I am deeply excited about God and what has been described as God’s mission. The life of Father, Spirit and Jesus spinning into ever-widening circles of including community energizes me. There is wildness and an untamed nature to the character of God. God cannot be tamed. Over the last few years I have become aware of the amazing adventure of the Missio Dei, or the mission of God. This has rightly spilled into maxims like, “the church doesn’t have a mission, the mission has a church”. Maxims like this attempt at moving “mission” or being “missional” away from a program of the church. Caging the mission into the four walls of a church on a Sunday is ludicrous. Mission is our whole life, and can therefore not be squashed into a program or a building. It will always overflow these confines and sometimes even demolish the programs and buildings.

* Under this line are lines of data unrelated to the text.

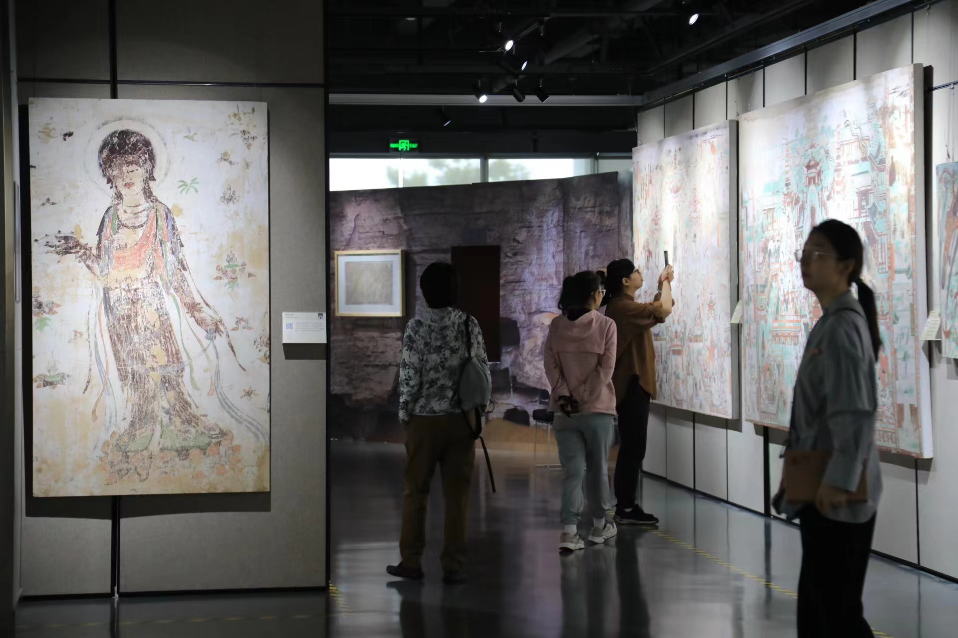 “千年莫高 万里丝路”——敦煌壁画艺术精品高校公益巡展由敦煌研究院、中国敦煌石窟保护研究基金会、伟德体育官网共同举办,精选了敦煌石窟数字化高保真复制壁画精品50余幅,复制彩塑2尊,复原乐器6件,并复制洞窟3座,还包含了敦煌纪录片等相关多媒体作品,反映敦煌莫高窟历史风貌及保护历程的老照片和敦煌石窟开凿和壁画绘制过程的图片。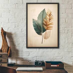 Quadro aquarela moderna folha cores suaves 33x24cm - com vidro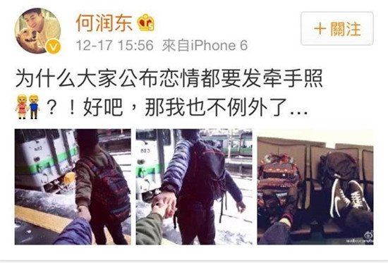 今日,他突然秀出与Peggy的牵手照片,照片只能看到女子的背影,她穿军绿色棉服,搭配牛仔裤和黑色兔耳朵帽子,还背着民族风双肩包,何润东则穿蓝色羽绒服戴蓝色帽子,两人牵手一同出行,均是休闲装扮,推测应该是两人出国旅行所拍。粉丝虽然心里早有底,也都心碎送上祝福“哇!公开了!祝福祝福!”“伤了心的女人怎么办,喜欢了十几年的一个男人,哎~自己偷偷哭一会吧“”别是网红就好“等等。
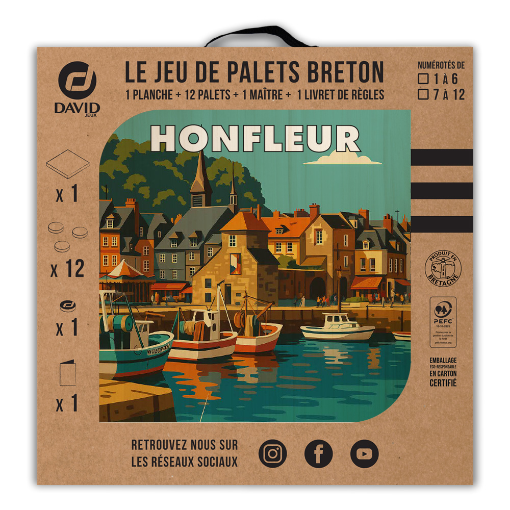 Une planche, 12 palets DAVID (de notre gamme l’Amical Breton), un maître, une règle du jeu et le tour est joué ! Vous voilà équipé pour jouer seul ou en équipe au jeu de palet. Par n’importe quel temps, en intérieur ou en extérieur, sortez votre planche et partagez une activité conviviale en famille ou entre amis. Cette sérigraphie originale est apposée sur une planche en peuplier.   Découvrez les règles du palet breton en vidéo : Les règles du palet breton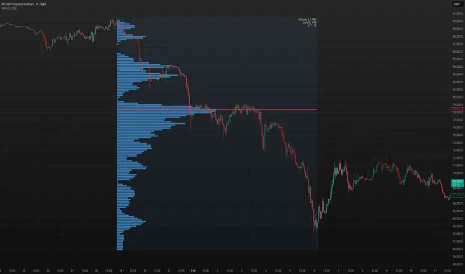 Volume Profile Fixed Range is a technical indicator designed to build a volume profile within a user-defined range. The script distributes volume across price levels using lower timeframe data, allowing traders to identify key liquidity zones and the level with the highest volume concentration (POC).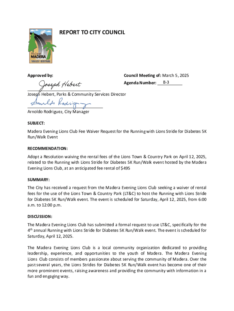 This document is a report to the City Council recommending the waiver of rental fees for the Lions Town & Country Park for the Madera Evening Lions Club\'s Running with Lions Stride for Diabetes 5K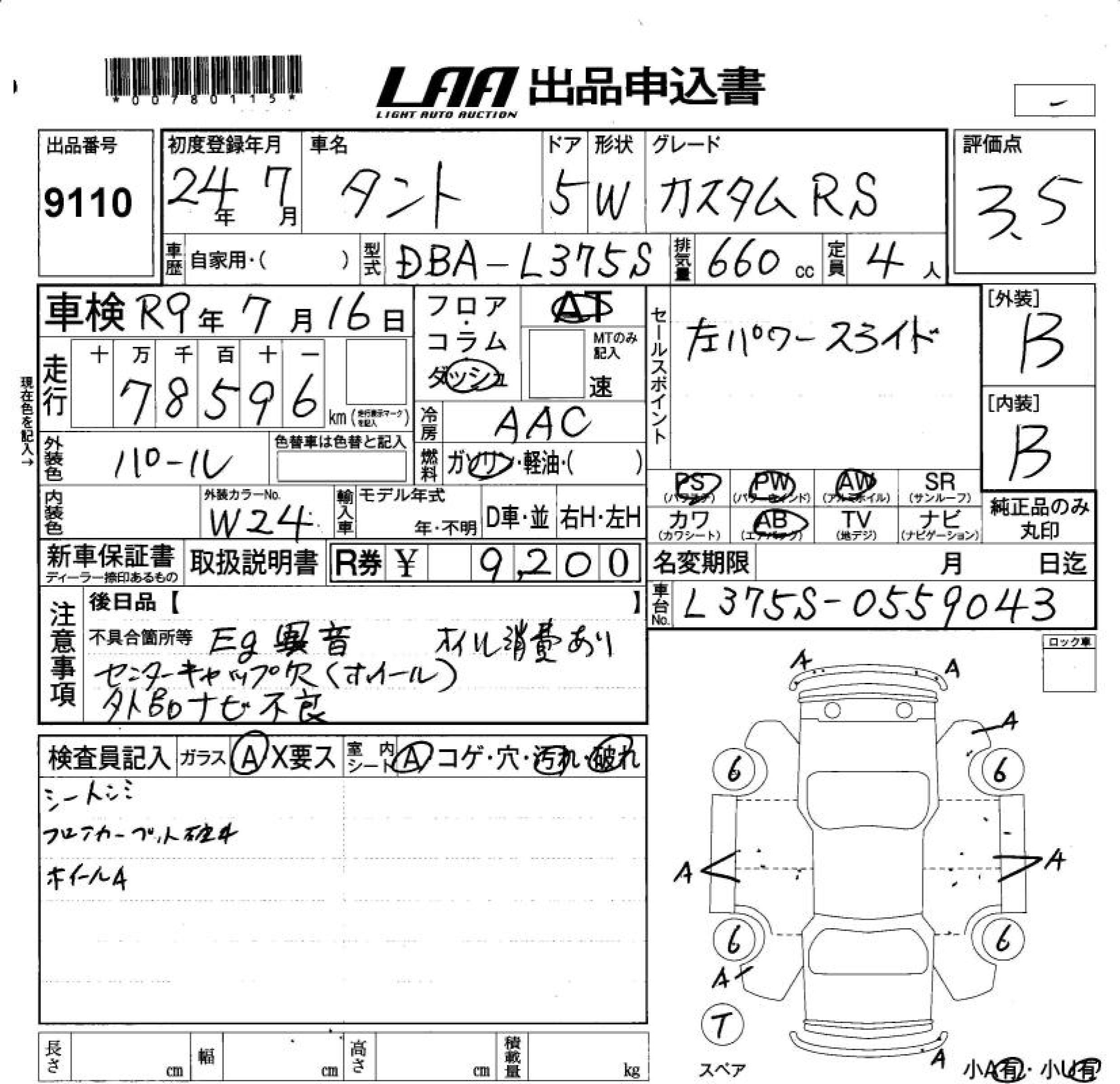 Daihatsu Tanto, 2012 года - Лот№9110 ★3.5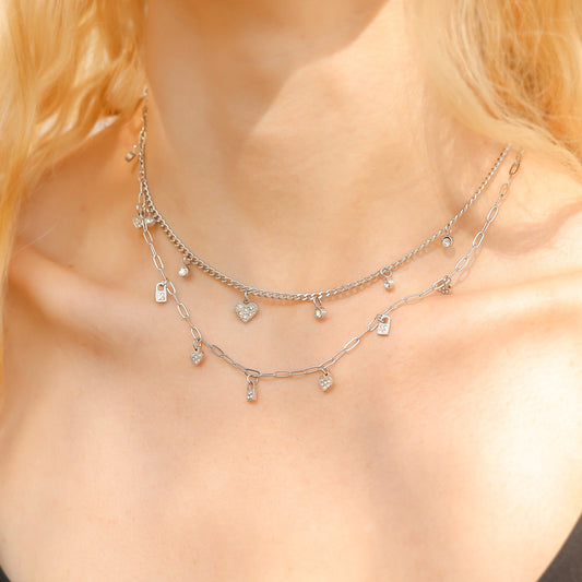 Stainless Steel 2 Row Heart & Lock Charm Necklace / CHN0069
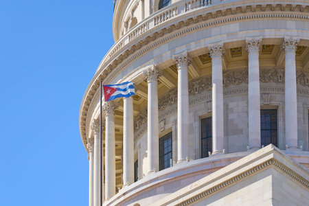 The dome of the Capitol in Havana with flag of Cuba against the backdrop of a clear blue sky.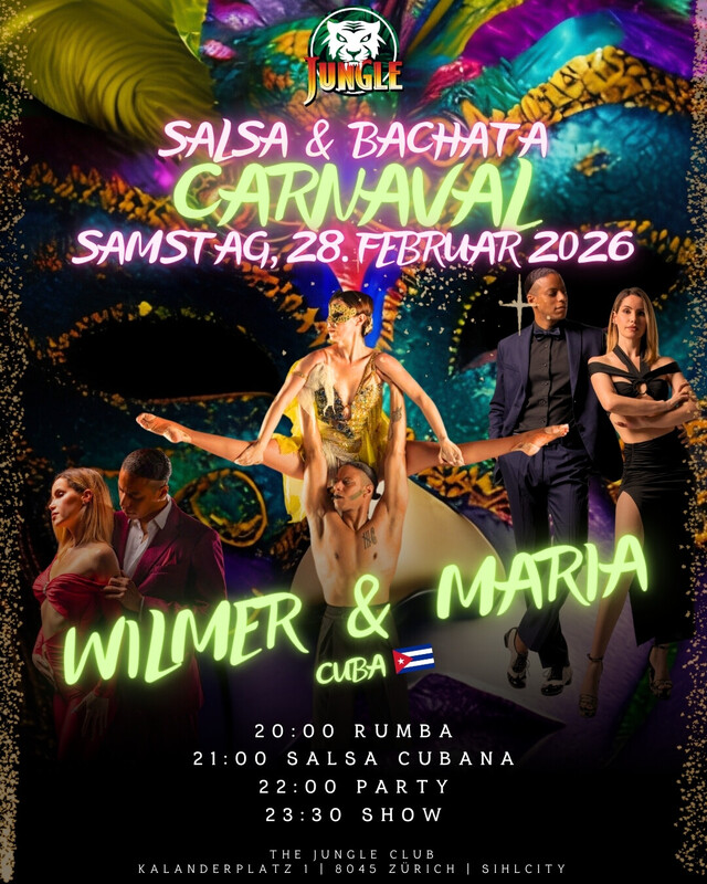 SAMSTAG, 28. FEBRUAR 2026 WILMER & MARIA CARNAVAL SPECIAL 🌎 WORLD CLASS SALSA IN ZÜRICH! Sowas erlebt man nicht alle Tage. Wilmer & Maria kommen zu uns! Hier geht es nicht nur um Schritte, sondern um pure Energie und Weltklasse-Niveau🔥 Wir bringen den The Jungle Club zum Beben. Wilmer & Maria performen ihre aktuelle Show, Gänsehaut garantiert😍 Nach den Workshops gehört die Tanzfläche euch. Wir feiern gemeinsam mit den Stars🤩 Eintritt 20 CHF - Ein Ticket für alles⚡️ Timetable: 19:45 Open Door 20:00 Rumba Workshop 21:00 Salsa Cubana Workshop 22:00 Party 23:30 Show - Wilmer & Maria www.thejungleclub.ch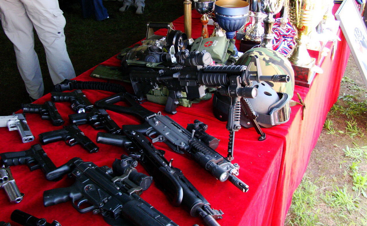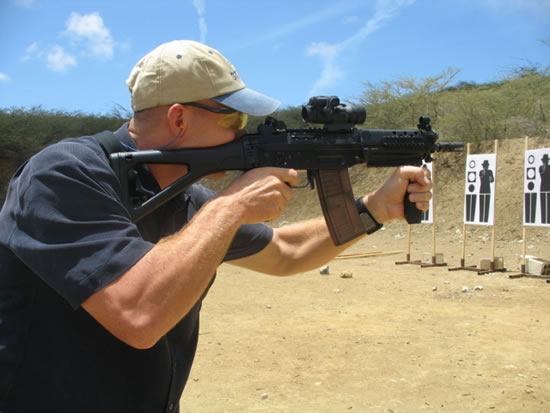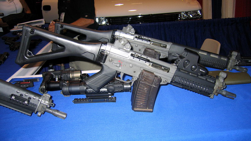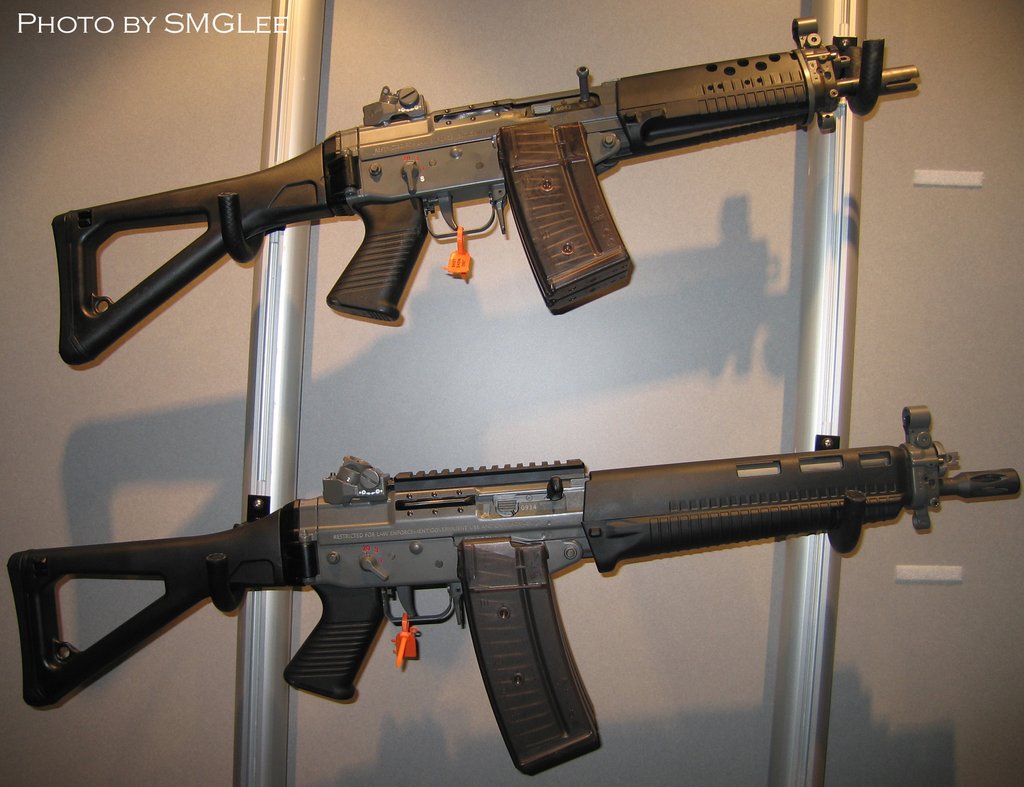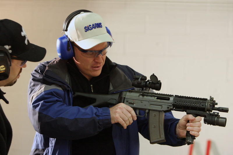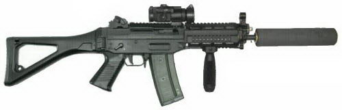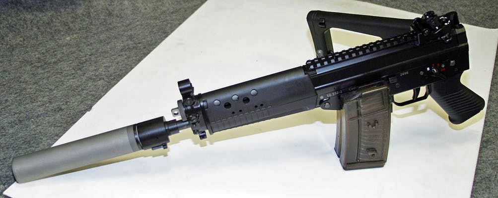 | 安装消声器的SIG SG552在室外靶场射击 | ![]() |

It is here where my suspicion about “missional language” arises.
It seems that missional has become another way to get people involved with the local church. “Missional language”, has in some cases, become the new tool for church growth. This usually means that people will join the Sunday worship gatherings. I think this is a detour and will dilute the Missio Dei into another campaign to bolster the egos of pastors, ministers and their members.
But what if the mission of God breaks our finely planned churches and gatherings? What if the mission scatters the church on a Sunday into real life situations during the rest of the week? What if the mission eliminates the positions of pastors and ministers making a living out of diluting the Missio Dei into a church growth program?
I think the mission Dei will radically alter the way which we be and see church. Church as manifested in Western-influenced cities will change. But it is hard for professionally paid Christians to live into this mission if it threatens the very way in which they make their money and therefore their livelihood.
The mission of God excites me, but I need a new imagination in order to live into it. I think it will be marvellously ordinary and attainable to all people.